Patrick, it turned out, had been one of a gang of boys – organized by Amos – who under the cover of fog and darkness had last night revisited Danks’s. Treading the boilers involved a dozen or so boys getting inside a boiler and walking in unison, causing it to roll. For some boys, notably Amos, this was an addictive experience. Danks’s manufactured boilers of all sizes, used in ships and so on. They stored them in a nearby field. The story goes that the first time boys ever worked this trick, the watchman had a heart attack. There was this huge red-oxided cylinder rolling off all by itself in the moonlight.

Anyway, this time poor old Patrick had got his toes in the way and now had half his leg in plaster. Malcolm was carrying his brother’s freshly laundered shirt. The discussion of who should play in Patrick’s place began. Spencer would fill in, if we were desperate. Trevor’s cousin could be approached or maybe one of the Cubs; they’d been knocked out.
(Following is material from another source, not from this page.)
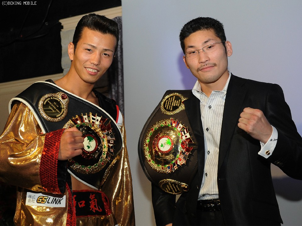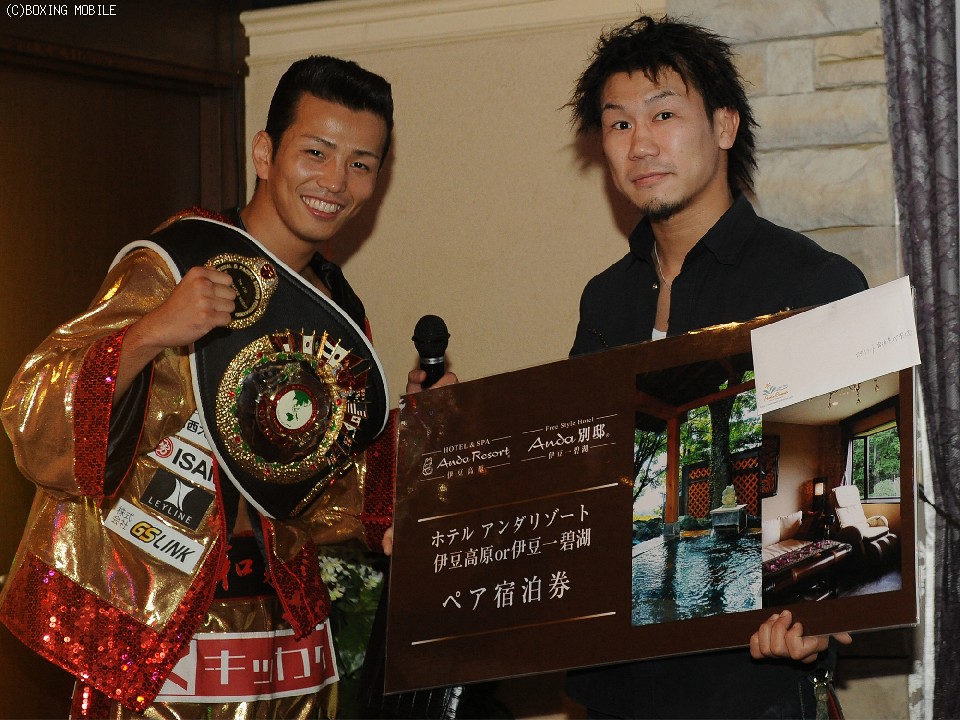 また、この日は和氣と親しいOPBFバンタム級王者の岩佐亮佑(24=セレス)も駆けつけ、和氣を祝福。今月6日にノンタイトル戦を戦い終えたばかりの岩佐は、流石に次戦については未定だが、「次が防衛戦になるかは分かりませんが、世界に向けて一歩ずつ進むだけです」とし、階級は違えど同じ道を歩む者同士の友情を分かち合っていた。
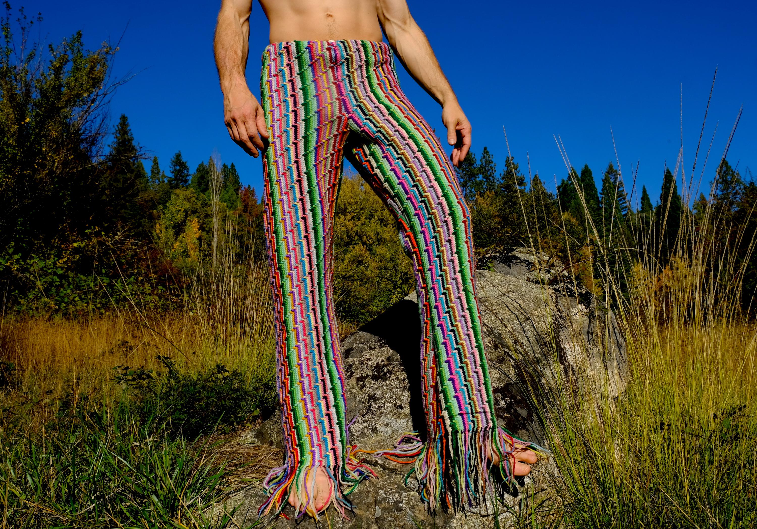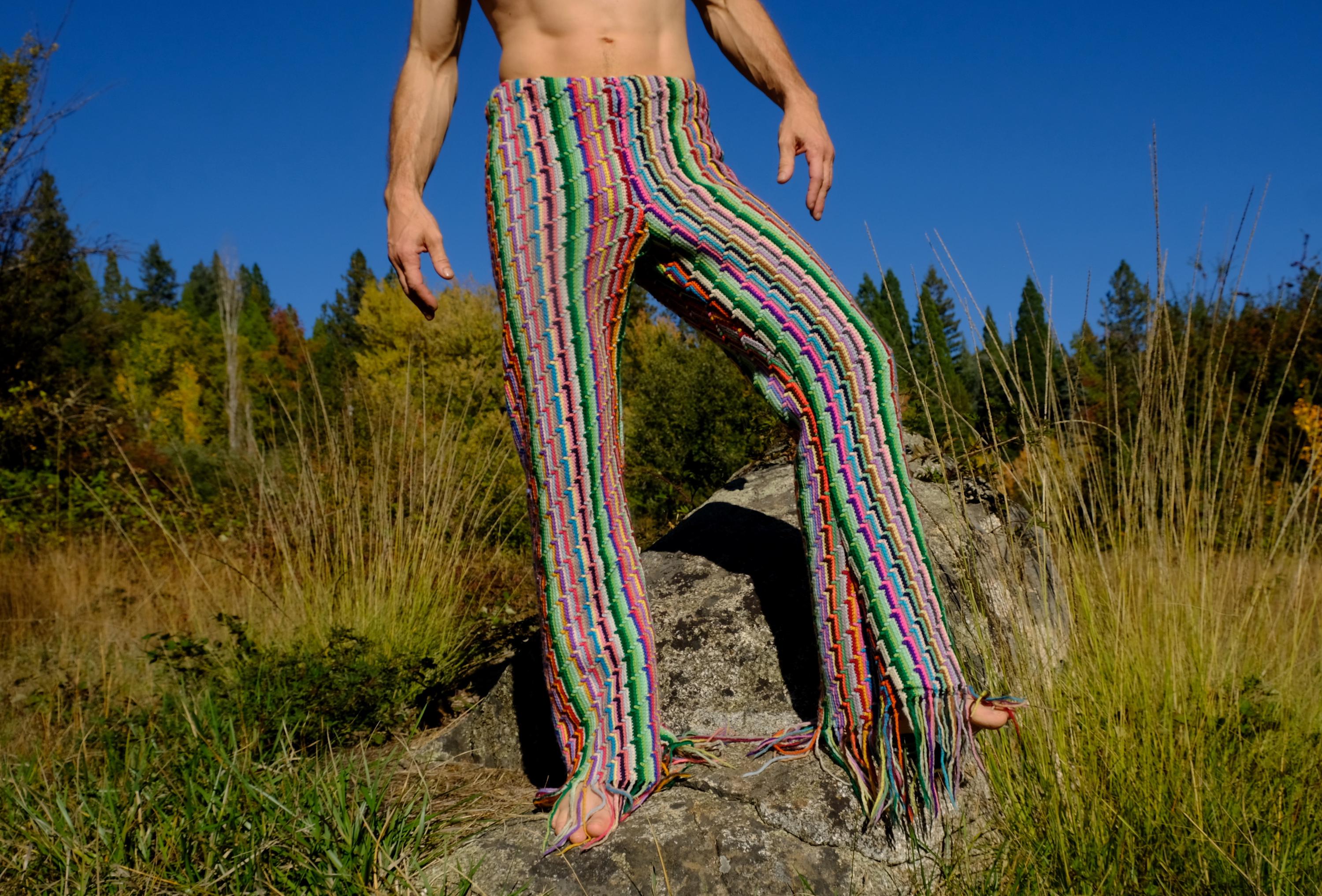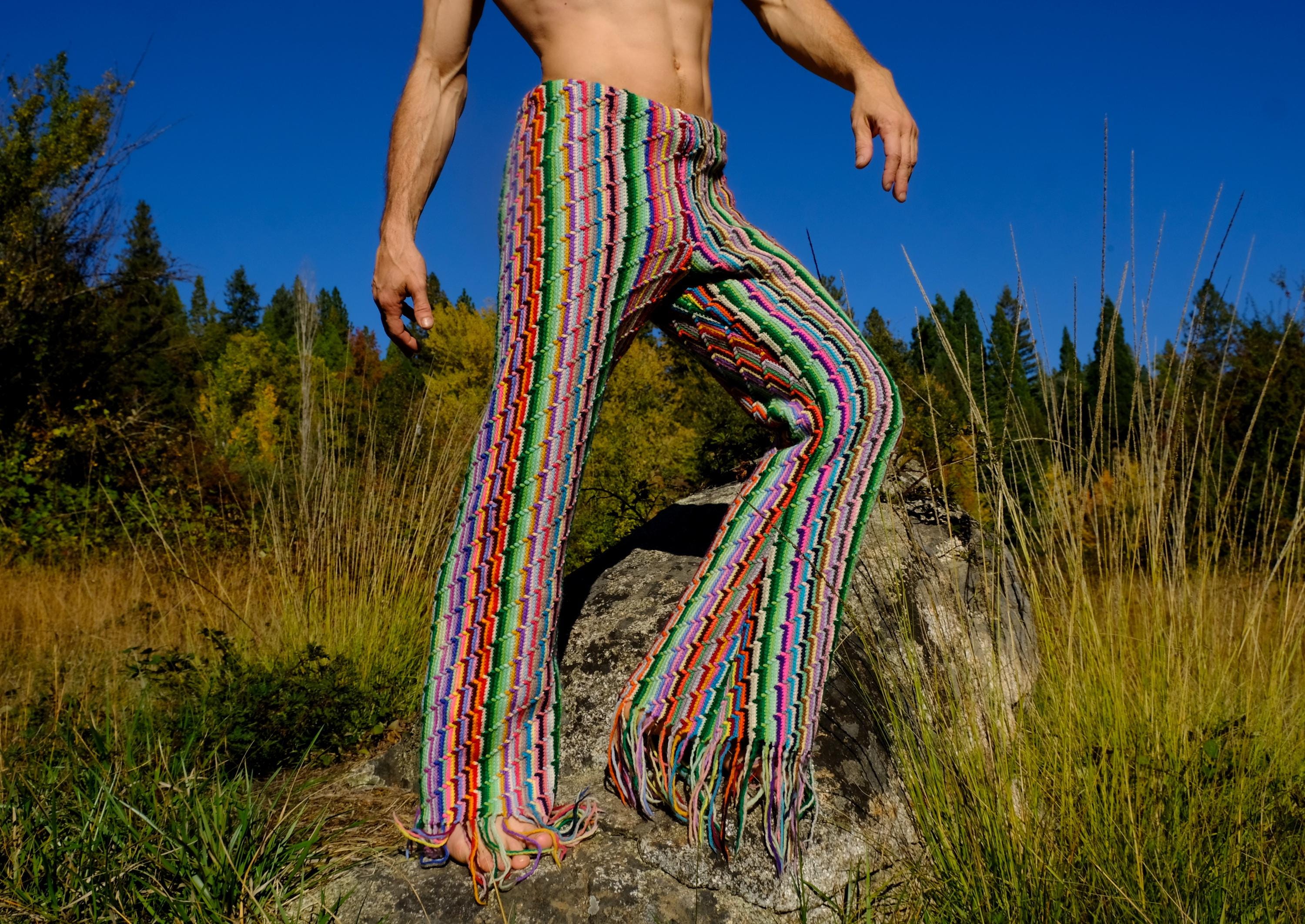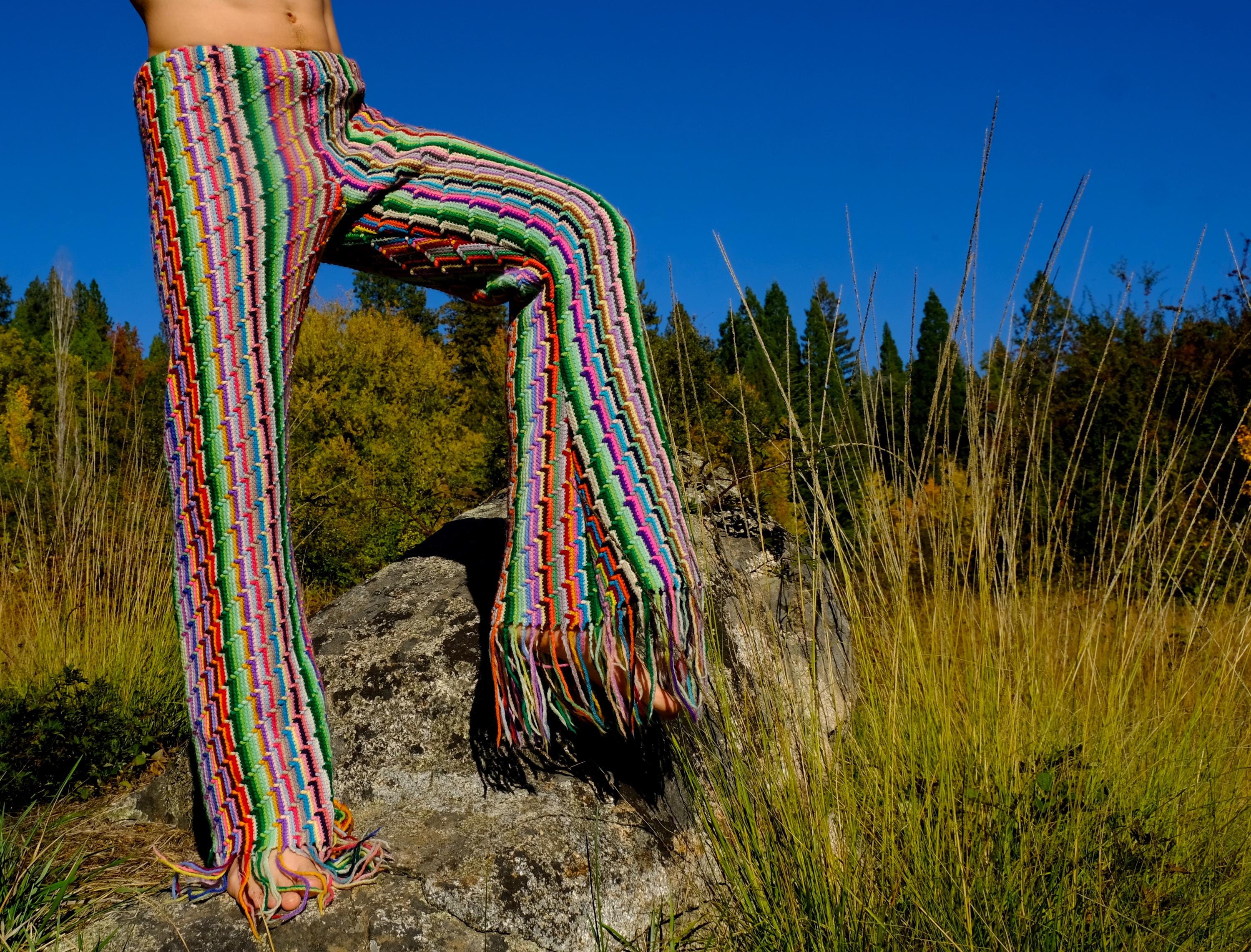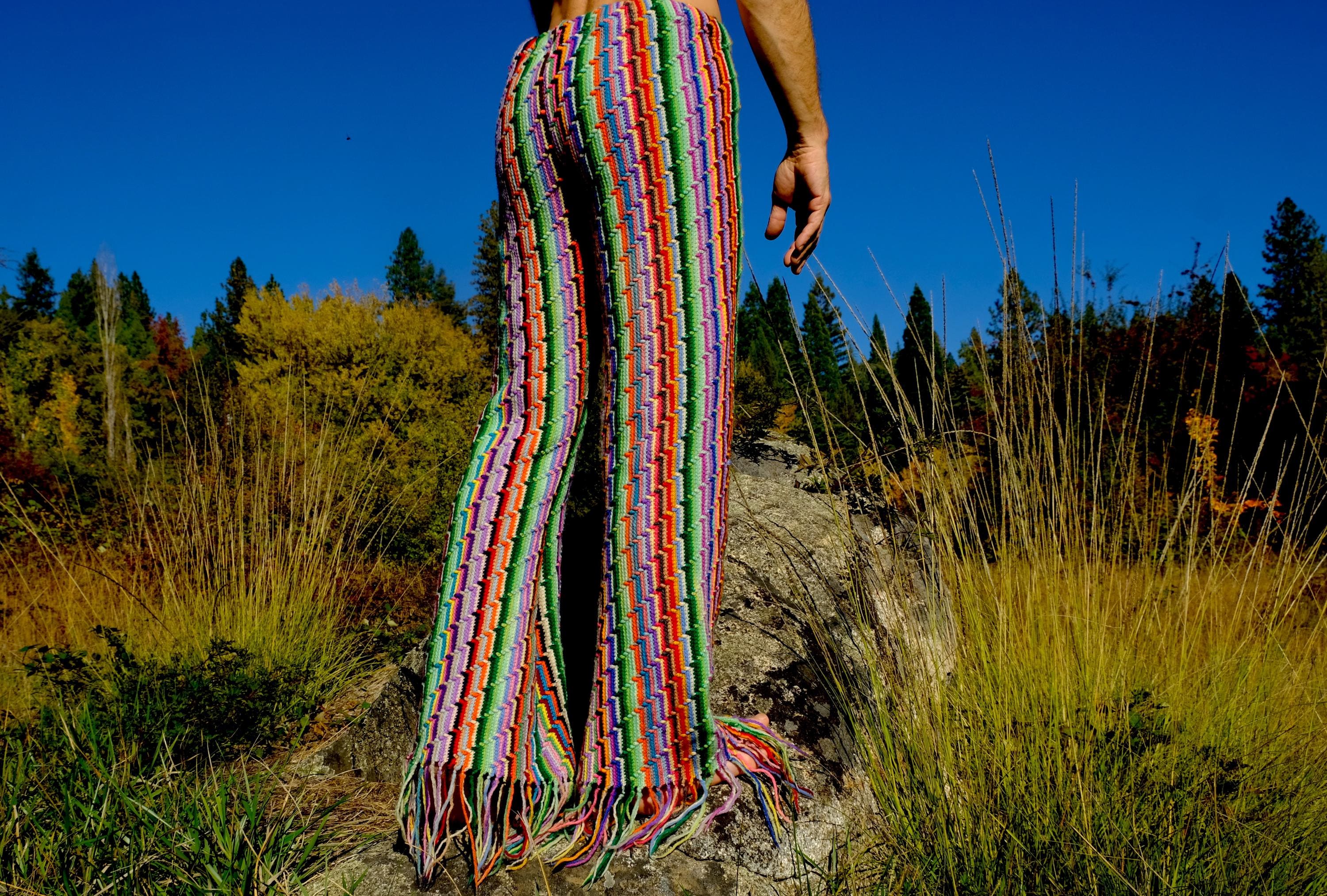 These are crochet pants with multicolor stripes and fringe at the ankles. Fashioned from a vintage afghan blanket crocheted in 100% wool.

‘Bet y’can’t play for two teams, though,’ said Wyatt.

Trevor himself showed up. He had been off
school since Tuesday, had a black armband sewed to his coat. He seemed all right and, of course, nothing was said.
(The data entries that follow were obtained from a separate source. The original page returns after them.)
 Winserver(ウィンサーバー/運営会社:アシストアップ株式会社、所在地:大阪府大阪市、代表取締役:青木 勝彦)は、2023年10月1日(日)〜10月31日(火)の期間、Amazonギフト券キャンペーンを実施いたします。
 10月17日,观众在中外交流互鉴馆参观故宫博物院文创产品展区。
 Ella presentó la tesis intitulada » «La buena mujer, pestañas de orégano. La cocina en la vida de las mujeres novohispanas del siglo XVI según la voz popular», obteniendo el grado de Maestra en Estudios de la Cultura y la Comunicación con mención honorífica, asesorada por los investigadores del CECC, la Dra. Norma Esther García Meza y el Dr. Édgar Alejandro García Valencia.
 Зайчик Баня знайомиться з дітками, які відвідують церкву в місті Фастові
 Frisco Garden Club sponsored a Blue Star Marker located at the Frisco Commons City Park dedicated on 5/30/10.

‘I know who we should get,’ said Joey.

‘Who?’

‘Albert Pye.’ (Tommy’s brother.)

‘Albert Pye – he’s only five!’

‘He’s six, actually.’

‘Six – he’s a infant!’

‘Have you seen him play?’

‘A baby!’

‘Have you
seen
him?’

Wyatt drew a baby in a nappy on the pitch. Sadie, the mother of the pups, ambled lazily out of the house. She flopped down in a sunlit patch and pretty soon the pups had sniffed her out. They snuggled and suckled like a row of little sausages beside her. Mr Skidmore came out and removed his bicycle from the wash house. Mrs Skidmore leant in the doorway with a cup of tea. The sound of Mrs Purnell yelling at Mr Purnell drifted in over the wall. Wyatt was doodling on the pitch. A dog in boots was added to the team. Trevor picked up some chalk and joined in. He drew a little stick-girl with triangular skirt and flying pigtails, and gave Wyatt a nudge.